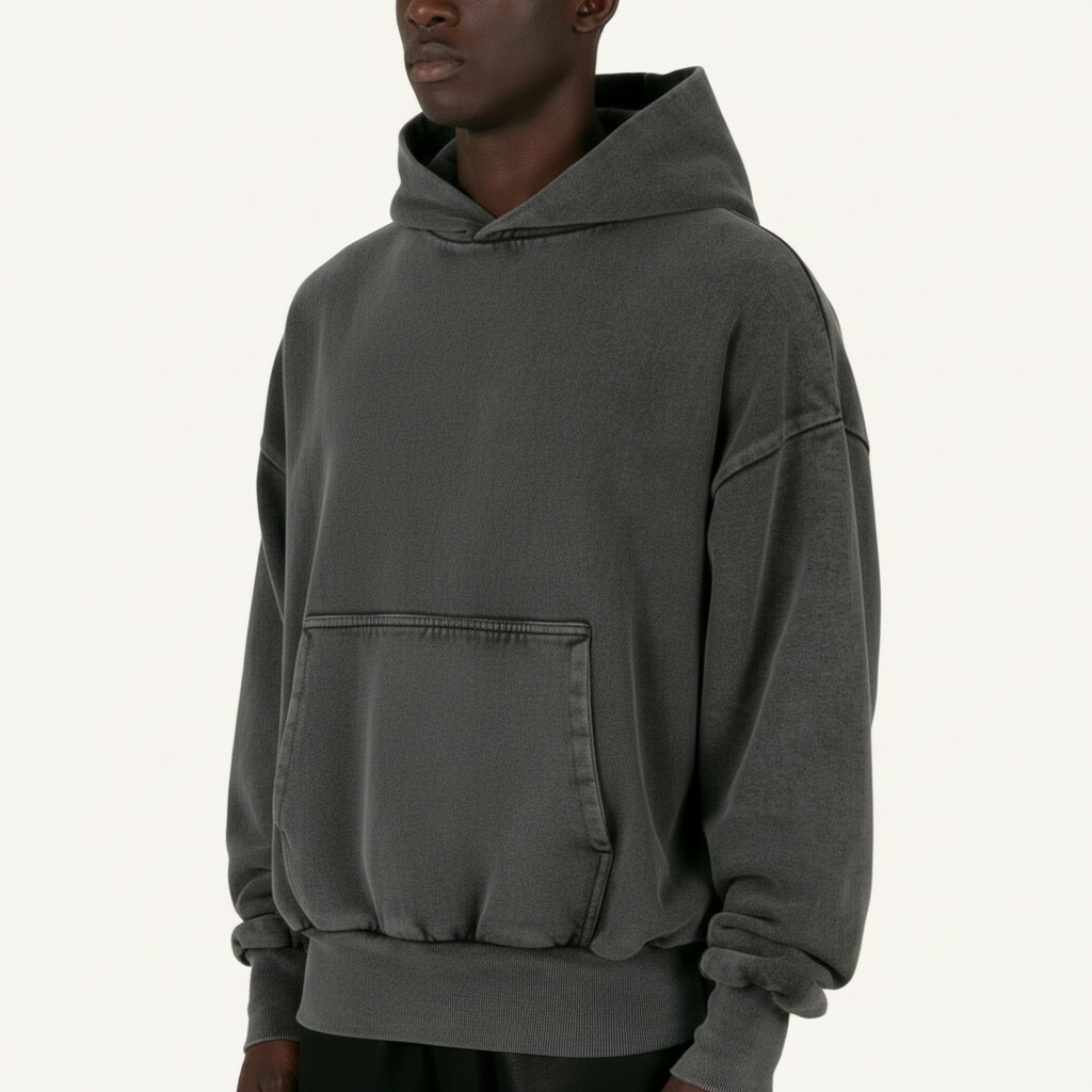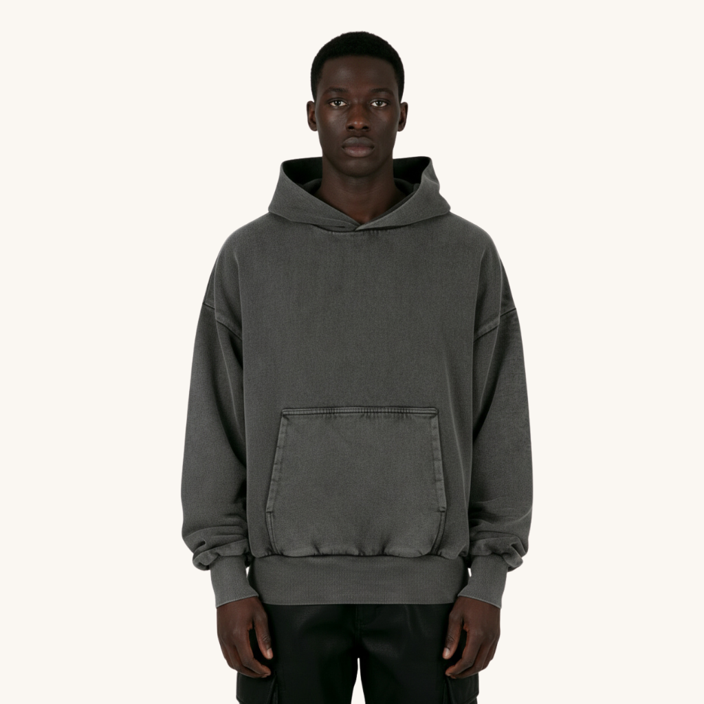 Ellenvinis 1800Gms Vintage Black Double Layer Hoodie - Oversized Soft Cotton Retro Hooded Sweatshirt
--
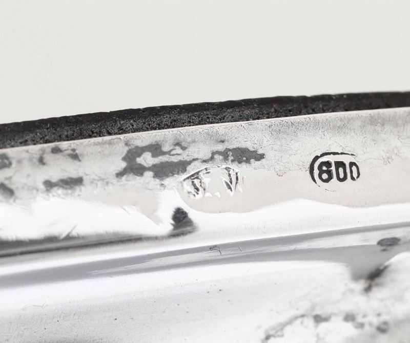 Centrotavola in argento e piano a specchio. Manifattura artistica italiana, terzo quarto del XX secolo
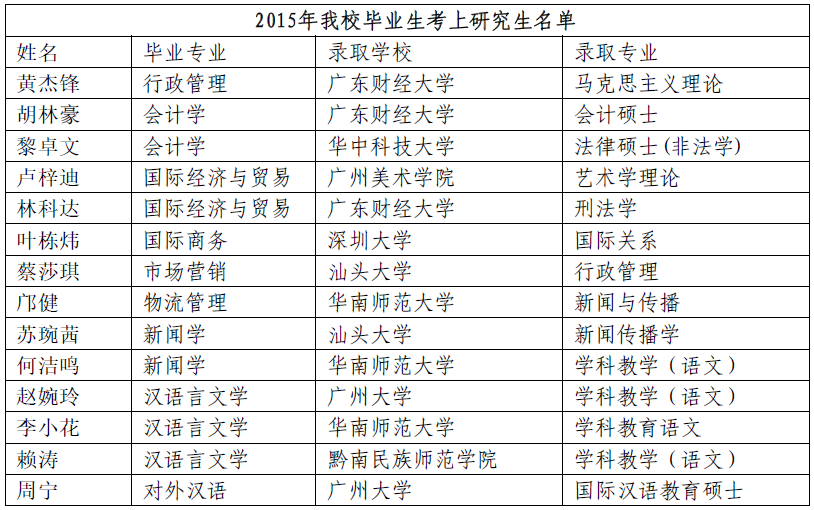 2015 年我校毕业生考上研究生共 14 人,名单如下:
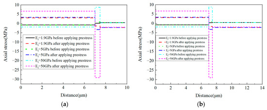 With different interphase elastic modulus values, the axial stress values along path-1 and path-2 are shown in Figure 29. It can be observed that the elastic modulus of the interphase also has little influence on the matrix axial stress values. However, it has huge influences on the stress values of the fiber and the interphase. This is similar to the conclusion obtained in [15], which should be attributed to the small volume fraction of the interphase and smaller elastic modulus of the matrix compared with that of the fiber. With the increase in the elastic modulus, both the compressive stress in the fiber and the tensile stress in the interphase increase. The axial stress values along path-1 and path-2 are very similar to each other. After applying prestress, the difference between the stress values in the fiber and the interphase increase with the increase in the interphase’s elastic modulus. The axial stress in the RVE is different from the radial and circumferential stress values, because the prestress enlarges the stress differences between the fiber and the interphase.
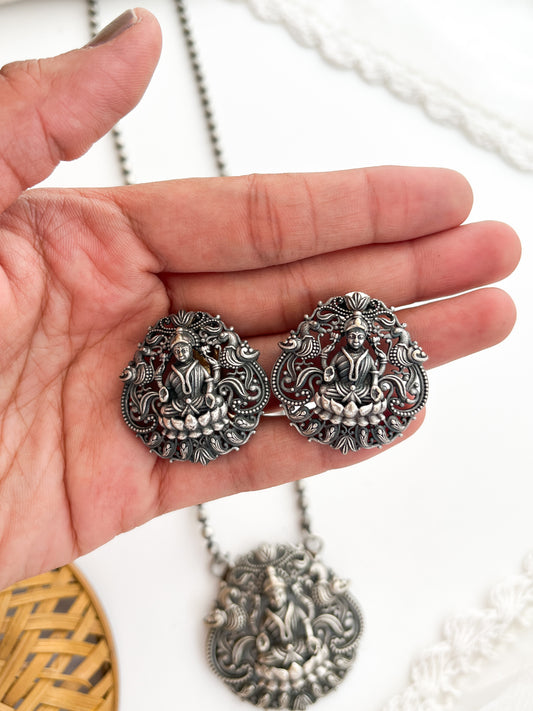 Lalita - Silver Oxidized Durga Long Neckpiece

WHAT TO WORK ON: From the listing above, repeat only the lines between the line containing "Centrotavola in argento" and the line containing "Lalita - Silver", those two included. Pictures are not part of the copy.

TASK RESPONSE:
 Centrotavola in argento e piano a specchio. Manifattura artistica italiana, terzo quarto del XX secolo
 2015 年我校毕业生考上研究生共 14 人,名单如下:
 With different interphase elastic modulus values, the axial stress values along path-1 and path-2 are shown in Figure 29. It can be observed that the elastic modulus of the interphase also has little influence on the matrix axial stress values. However, it has huge influences on the stress values of the fiber and the interphase. This is similar to the conclusion obtained in [15], which should be attributed to the small volume fraction of the interphase and smaller elastic modulus of the matrix compared with that of the fiber. With the increase in the elastic modulus, both the compressive stress in the fiber and the tensile stress in the interphase increase. The axial stress values along path-1 and path-2 are very similar to each other. After applying prestress, the difference between the stress values in the fiber and the interphase increase with the increase in the interphase’s elastic modulus. The axial stress in the RVE is different from the radial and circumferential stress values, because the prestress enlarges the stress differences between the fiber and the interphase.
 Lalita - Silver Oxidized Durga Long Neckpiece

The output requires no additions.